Variation in the levels of granulin peptides in different tissues
To determine whether the levels of granulin peptides vary from each other, first, we analyzed the levels of each granulin peptide in different tissues using western blots (Fig. 1b, c). We found that PGRN is highly expressed in the liver, spleen, lung and kidney (Fig. 1b, c). Using the commercial PGRN antibody which preferentially recognizes granulins B, C and F (Fig. S1), a corresponding enrichment of granulins is detected in the liver, spleen and kidney, but not in the lung (Fig. 1b, c). Using antibodies against individual granulins, relatively high levels of granulins A and B in the liver, spleen and kidney but not in the lung were also observed (Fig. 1b, Fig. S2), indicating that PGRN processing or the stability of granulins A and B are different in the lung versus spleen and kidney. Interestingly, while the levels of granulins C, E, and F are also high in the liver and spleen and low in the lung, their levels are relatively low in the kidney, as shown by a significant decrease in the ratio between granulins C/E/F and granulin A in the kidney compared to that in the liver and spleen (Fig. 1b and d). This suggests that the levels of granulin peptides could differ from each other although they are derived from the same precursor. This could be due to differential processing or differences in their stability within the lysosome.

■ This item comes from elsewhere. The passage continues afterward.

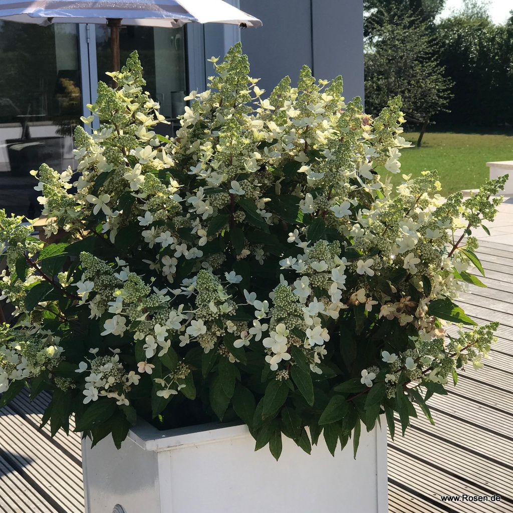 Die wunderschönen Blüten der reich blühenden Rispenhortensien Magical® Vesuvio' erscheinen wahrhaftig "magisch", denn mit einem attraktiven Farbspiel changieren sie im Verlauf von weiß bis tiefrot und verströmen zudem noch einen leichten Duft. Die für Pflanzgefäße, kleinere Gärten und Blütenhecken geeignete Hortensie hat einen kompakten Wuchs und erreicht eine Wuchshöhe von ca. 100 bis 150 cm.

Glycosylation of granulins B, C, and E
PGRN is predicted to contain 5 N-glycosylation sites with granulin B, C and E each harboring one glycosylation site. Additionally, glycosylation sites in granulins C and E have been mapped by mass spectrometry analysis . Glycosylation is known to play an important role in protein folding and stability as well as protein-protein interaction and signal transduction . In our western blot analysis, two distinct bands have been observed for granulin B, C and E at endogenous levels (Fig. 1b). We speculated that these two bands observed for granulins B, C and E could be peptides with different degrees of glycosylation. To test this, we immunoprecipitated granulin B, C and E peptides with their corresponding antibodies and treated the immunoprecipitates with PNGase F to remove N-glycans. The two bands collapsed to a single band with the lower molecular weight with PNGase F treatment, confirming that granulin B, C and E have two different glycosylated forms (Fig. 1e). More interestingly, the pattern of glycosylation for granulin B and C differs in the spleen lysates versus liver lysates (Fig. 1b,f). In both cases, an increased level of the highly glycosylated form was observed in the spleen compared to the liver, especially for granulin C (Fig. 1b, f).
Variations in the levels of PGRN and granulin peptides in different brain regions
Since PGRN is expressed by both neurons and microglia, we wonder if there is a difference in PGRN processing in neuron and microglia. We found that the levels of both PGRN and granulin peptides are much higher in microglia compared to neurons and the ratio of total GRNs to full-length PGRN is 2–3 fold higher in microglia (Fig. 2a).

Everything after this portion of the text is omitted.